Rathi acknowledged that loosening mortgage rules could increase the number of first-time buyers and help existing homeowners move up the property ladder. However, he emphasised the need for "enduring acceptance" of potential failures and harm as part of risk-based regulatory choices.

“The balance between consumer protection and promoting growth is not an easy one,” he said. In what may be an attempt to push back, he challenged the politicians to give him metrics for "tolerable failures", ensuring that the push for growth does not compromise financial stability. This is not the first warning he has given Reeves or other politicians. Shortly before Reeves’ Mansion House speech he said that these changes would inevitably lead to more failures. “The test will come when things go wrong, and it will be crucial to see how parliament responds,” he said.

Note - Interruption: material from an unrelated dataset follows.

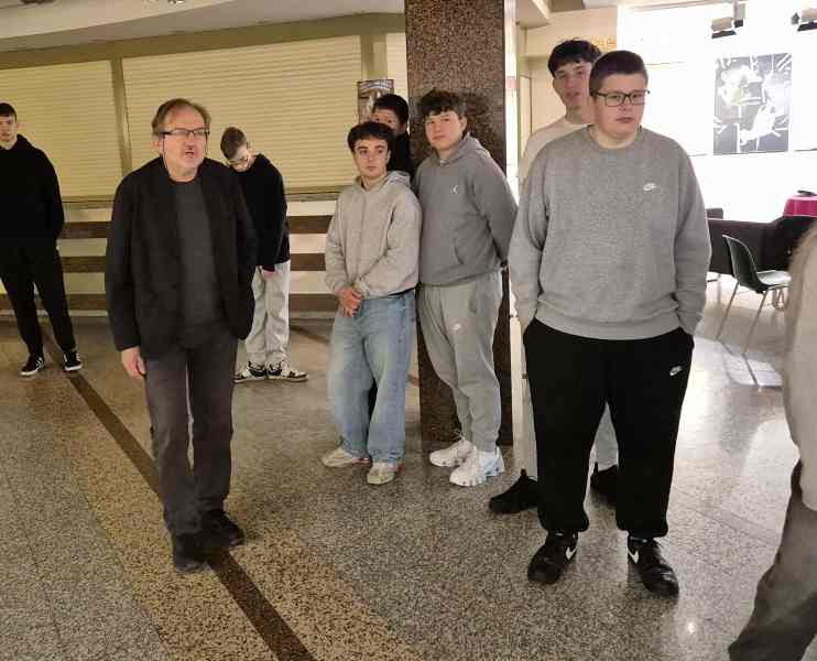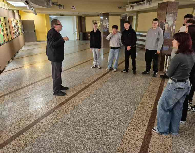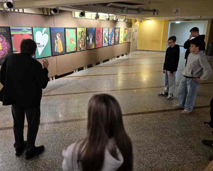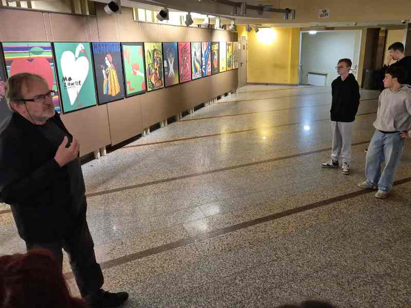Podczas zwiedzania wystawy uczniowie mieli wyjątkową okazję wysłuchać komentarza Pana Zenona Kowalczyka – Kierownika Galerii Ostrołęka, który osobiście oprowadzał grupę po ekspozycji. Pan Kowalczyk z pasją i zaangażowaniem opowiadał o każdym plakacie, przybliżając kontekst jego powstania, technikę wykonania oraz przesłanie artystyczne. Dzięki jego opowieściom uczniowie mogli głębiej zrozumieć ideę wystawy i spojrzeć na Mazowsze oczami artystów z różnych kultur.

Read more: FCA is incompetent or dishonest – lawmakers

The mortgage industry has been quick to praise the moves, with Charles Roe, director of mortgages at UK Finance, welcoming the potential reforms, stating, "Reviewing the mortgage lending rules would help with affordability issues, not just for first-time buyers but also those looking to move further up the housing ladder."

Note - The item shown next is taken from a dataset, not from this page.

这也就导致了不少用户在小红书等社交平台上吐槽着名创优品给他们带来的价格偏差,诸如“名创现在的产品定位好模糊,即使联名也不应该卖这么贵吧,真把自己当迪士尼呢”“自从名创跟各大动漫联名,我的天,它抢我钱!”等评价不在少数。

While many in the industry have embraced the prospect of change, some experts remain cautious. Sir Vince Cable, former Liberal Democrat business secretary, warned against repeating the mistakes of the past. “This seems ominously similar to trends two decades ago which culminated in the mad 125% Northern Rock mortgages and self-certification, which did not end well,” he said to the FT. He also cautioned that relaxing rules without increasing housing supply could exacerbate affordability issues by driving up demand.

The FCA’s letter also floated the idea of scrapping the £100 limit on contactless card transactions, aligning them with digital wallets that set their own limits. Other proposals include streamlining anti-money laundering checks, reducing transaction reporting for companies, and enabling startups to launch with partial authorisation.

Read more: It's not quite "wind your necks in" but maybe "settle down a bit chaps?"

The Treasury has expressed interest in the FCA's recommendations, with Chancellor Reeves pledging to examine them further.

While the FCA’s proposals are aimed at spurring economic growth, they must undergo rigorous consultation and review. The debate underscores the challenge of fostering an environment conducive to growth without compromising financial stability or consumer protection.